When Paul Collier, professor of economics at Oxford, publishes something, it invariably contains some very important ideas. I realised this when I first encountered his paper about civil war and insurgency, “Greed and Grievance”. Collier co-wrote it when head of research at the World Bank, where he developed a rare ability to merge his deep understanding of economics with sober analyses of a rapidly changing political landscape. Put simply, in “Greed and Grievance” he argued that armed rebellion had more to do with access to financial resources than with any deep commitment to ideology.

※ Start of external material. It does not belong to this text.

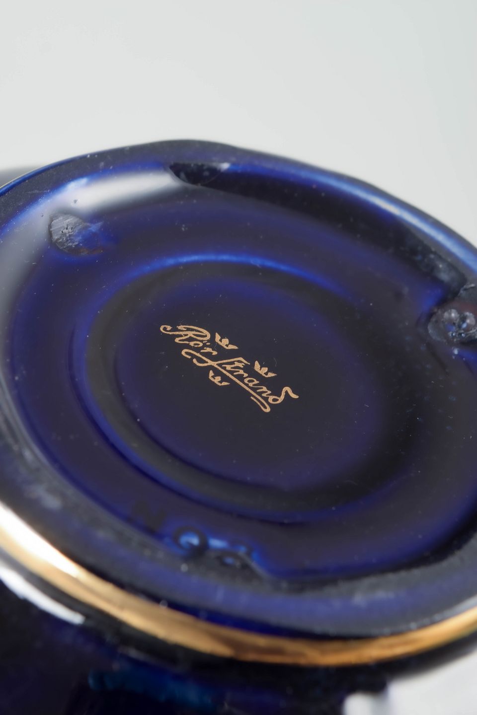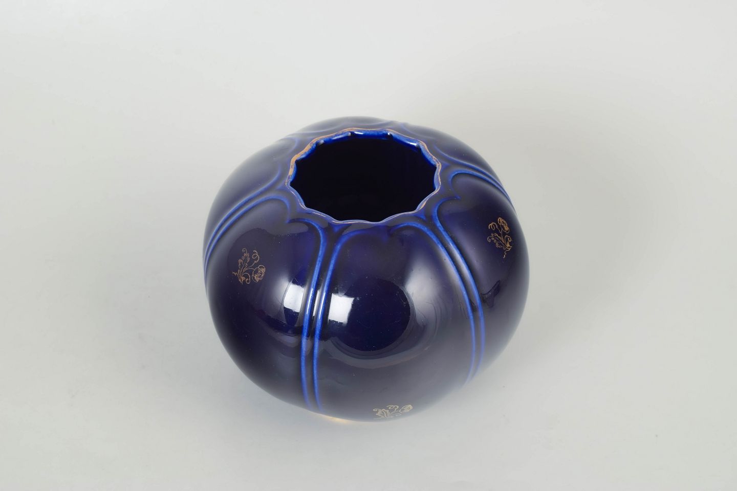 Rörstrand vase.Kugleformet vase i porcelæn med dyb koboltblå glasur, dekoreret med lodrette linjer og guldkant ved foden.

mong political scientists that particular paper was greeted by murmurs of approval and harrumphing in equal measure. Here was an economist treading on the keenly defended turf of political wonks, and many took umbrage. A few wonks, however, recognised the valuable contribution Collier’s research had to make to the struggle against poverty and political violence.I think some of the harrumphing that followed the publication of that paper might also be ascribed to Collier’s liberal use of baffling mathematical formulae to prove his point. I confess I had to skip a raft of calculus in his earlier work. But I am pleased to report that since he started writing bestselling books, he has dumped the equations in favour of clear prose.

This strategy paid real dividends just under two years ago when he published The Bottom Billion: Why the Poorest Countries are Failing and What Can be Done About It, a fresh and inventive look at chronic underdevelopment, its victims and its winners (the latter being few in number but abnormally powerful). The book was showered with praise as it offered many cogent explanations for the persistence of grinding poverty in a world which was until last September indecently rich. Wars, Guns & Votes carries on from where The Bottom Billion left off.

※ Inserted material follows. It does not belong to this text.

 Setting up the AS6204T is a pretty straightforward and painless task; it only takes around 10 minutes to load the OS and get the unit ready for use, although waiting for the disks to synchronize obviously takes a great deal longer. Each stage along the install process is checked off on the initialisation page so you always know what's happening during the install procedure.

Apart from the fact that its author is not American, Collier’s work is distinguished from the books of Tom Friedman, Bob Kagan, Fareed Zakaria and several other gurus of globalisation in that it is based on extremely thorough empirical research. This puts him in the same camp as real heavyweights such as the Nobel laureate Joseph Stiglitz. When Collier asserts that the bottom billion are much more prone to insurgency and civil war than the rest of the world, you can be confident this is not observational anecdote. The chances are that he and his indefatigable team of student minions will have exhaustively examined the data from every civil war since the dawn of time to back his thesis.

This aspect of Collier’s books is powerful, making it hard to refute many of his conclusions, some of which are disturbing, iconoclastic or both. He is destined to upset a lot of people when he asserts at the outset that democracy is bad news for the countries of the bottom billion – it usually ends in tears, not to mention grand larceny, murder and even genocide. On closer examination, he argues that elections alone do not amount to a strong democracy. Without institutions that promote accountability, they are too easily exploited by cynical, greedy elites.

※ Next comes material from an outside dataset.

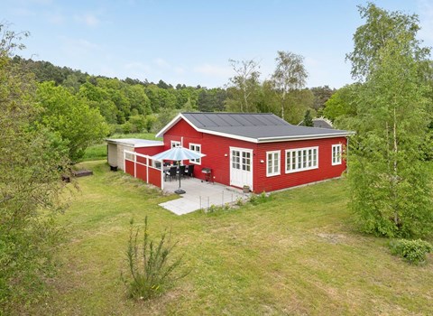 Dit klassieke houten vakantiehuis ligt in het vakantiegebied Skovmose.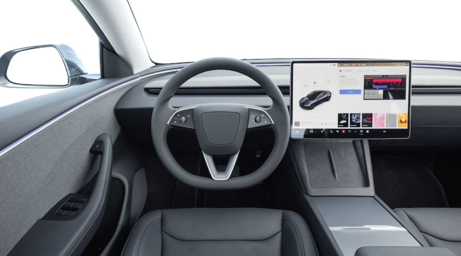 이전 모델 3와 마찬가지로 대부분의 기능은 대시보드 중앙에 장착된 수평 방향의 대형 스크린을 통해 제어됩니다. 자세히 보면 스티어링 휠이 변경된 것을 알 수 있습니다. 테슬라는 스티어링 휠의 터치 감지 버튼을 위해 방향 지시등 레버를 제거했습니다. 이러한 새로운 방향 지시등은 익숙해지는 데 시간이 좀 걸립니다.

Unfortunately, the “kumbaya” politics of the 1990s held that voting was an end in itself. Western institutions became involved in an electoral circus which often absorbed huge sums. Self-selecting election “monitors” from America and Europe would travel to Armenia one week and the Ivory Coast the next to pass judgment on the validity of the process. By contrast, there was little or no investment in dealing with the consequences of the elections or building the institutions essential to ensuring that the resulting government did not abuse its power. In the former Yugoslavia, unscrupulous populists exploited the plebiscitary democracy in 1990 and 1991 to rip the place apart. And Collier saw this repeated in many countries in Africa, the continent where the great majority of the bottom billion states are found.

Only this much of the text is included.